ITMFA?
Sean Wilentz says yes, although much more politely of course:
Pelosi, more surprisingly, is also ignoring the chief political lesson of the Nixon impeachment. The case against authorizing an impeachment inquiry rests in part on polling, which shows that the public over all remains unconvinced that an impeachment inquiry is warranted—though the number in favor keeps growing. Yet had the House Democratic leadership come to the same conclusion in early 1974—when, it needs remembering, public support for impeachment was actually weaker—Nixon would have finished out his second term. The lesson is simple: on matters as serious as a Presidential impeachment, the opposition must lead, not follow, public opinion; it must examine and develop the evidence in plain view, and not permit the White House to persist in shaping perceptions through concealment and lies.

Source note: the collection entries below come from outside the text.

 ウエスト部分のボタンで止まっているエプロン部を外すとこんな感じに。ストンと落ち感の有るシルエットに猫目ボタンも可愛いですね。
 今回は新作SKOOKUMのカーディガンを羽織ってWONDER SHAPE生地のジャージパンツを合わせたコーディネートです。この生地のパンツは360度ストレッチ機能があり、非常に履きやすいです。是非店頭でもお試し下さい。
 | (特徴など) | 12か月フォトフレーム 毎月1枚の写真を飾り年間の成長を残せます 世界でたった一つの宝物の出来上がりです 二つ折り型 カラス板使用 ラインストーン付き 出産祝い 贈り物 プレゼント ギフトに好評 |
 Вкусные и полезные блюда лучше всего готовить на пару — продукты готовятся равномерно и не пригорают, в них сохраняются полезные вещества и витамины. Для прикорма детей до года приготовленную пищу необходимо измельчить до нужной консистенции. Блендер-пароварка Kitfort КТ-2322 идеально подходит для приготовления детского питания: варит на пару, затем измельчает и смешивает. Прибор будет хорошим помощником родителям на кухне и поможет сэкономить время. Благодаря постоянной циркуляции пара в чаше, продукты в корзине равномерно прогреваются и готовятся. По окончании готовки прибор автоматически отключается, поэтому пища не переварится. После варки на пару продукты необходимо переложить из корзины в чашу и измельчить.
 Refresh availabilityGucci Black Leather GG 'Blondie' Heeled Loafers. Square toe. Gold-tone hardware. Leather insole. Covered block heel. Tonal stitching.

Another lesson follows from this one. Asserting that a Senate acquittal would allow Trump to claim vindication elides the fact Trump has already claimed vindication, a falsehood which the Democrats’ failure to pursue impeachment would only strengthen. It also overlooks how a Senate trial always reinforces either the severity of the alleged crimes and the persuasiveness of the evidence, or the lack thereof. Nixon resigned only when Senate Republicans told him that his case would not survive a trial. Trump’s domination of the G.O.P. does make it all but impossible that the Senate would vote to remove him. But evidence presented by the House impeachment managers would enrage independents as well as Democrats, on the eve of the election, putting pressure on vulnerable Senate Republicans as well as on Trump. The electorate would, in effect, do the job that the Senate refused to do.
Pelosi, viewing the House and Senate proceedings narrowly, argues that Trump is best contested not with impeachment, which would be divisive, but by replaying the kitchen-table issues that won the Democrats the House majority in 2018—health care, immigration, and climate change. But that strategy would commit the classic military blunder of fighting a war on the basis of the last successful campaign, regardless of the facts and context. It’s one thing to defeat Republicans in congressional races in which Trump’s name does not appear on the ballot. It’s quite another to defeat them when the charismatic Trump heads the ticket and is able to claim that he is exonerated because Democrats did not pursue an impeachment inquiry. In any event, the campaign so far has showcased that Democrats are far from united on a number of kitchen-table issues, from Medicare for All to the Green New Deal.
It’s hard to think of an electorate in modern times any more split than the one that exists today, which Trump is powerfully dividing, on his own anti-liberal terms. Pursuing a fully justified impeachment inquiry, however, would turn Trump’s demagogy against him. It would reframe the division on constitutional terms, not with empty insults but with hard evidence, televised daily—the kind of evidence that could turn crucial independent opinion and energize a Democratic base. The principal issue that truly unites and mobilizes the fractured Democrats, and with them a majority of Independents, is the clear and present danger of Donald J. Trump. To this extent, Trump’s narcissism has succeeded in making American politics revolve around him—but to deny that reality will only perpetuate it and enable him politically. To expose his actions in detail, however, starting with his manifest failure to defend the national security against continuing Russian cyberattacks and Putin’s open support for the evisceration of “obsolete” Western liberal democracy, would put the matter differently—and put him on the defensive.
Such proceedings would also accentuate the now-or-never importance of the 2020 election. Think of Trump in a second term, backed by a compliant Supreme Court, bolstered by a Senate perhaps still led by Majority Leader Mitch McConnell, and guided by an Attorney General set on realizing the dream of a “unitary executive.” The recent Supreme Court ruling giving license to the wholesale gerrymandering of congressional districts, along with Trump’s defiant order to include a citizenship question in the census, are just two indications of where we would be headed.
Wilentz’s case for impeachment is plausible enough, but of course the problem is that the case for Pelosi’s go-slow approach is also plausible. (I will say that as a historian Wilentz takes what seems like a somewhat cavalier attitude toward the massive differences in the political ecosystems of America in 1974 and 2019. He doesn’t, for example, mention the right-wing noise machine in either its legacy or social media forms).
My critical contribution to this debate is to note that it’s a tough call, and that basically all the options look very fraught at best and potentially disastrous at worst, because our political system is in the midst of a long not-so-slow decline.
The extraordinary difficulty of trying to figure out the best path toward removing a completely unfit proto-fascist cult leader from the office of the presidency is Exhibit A of that decline.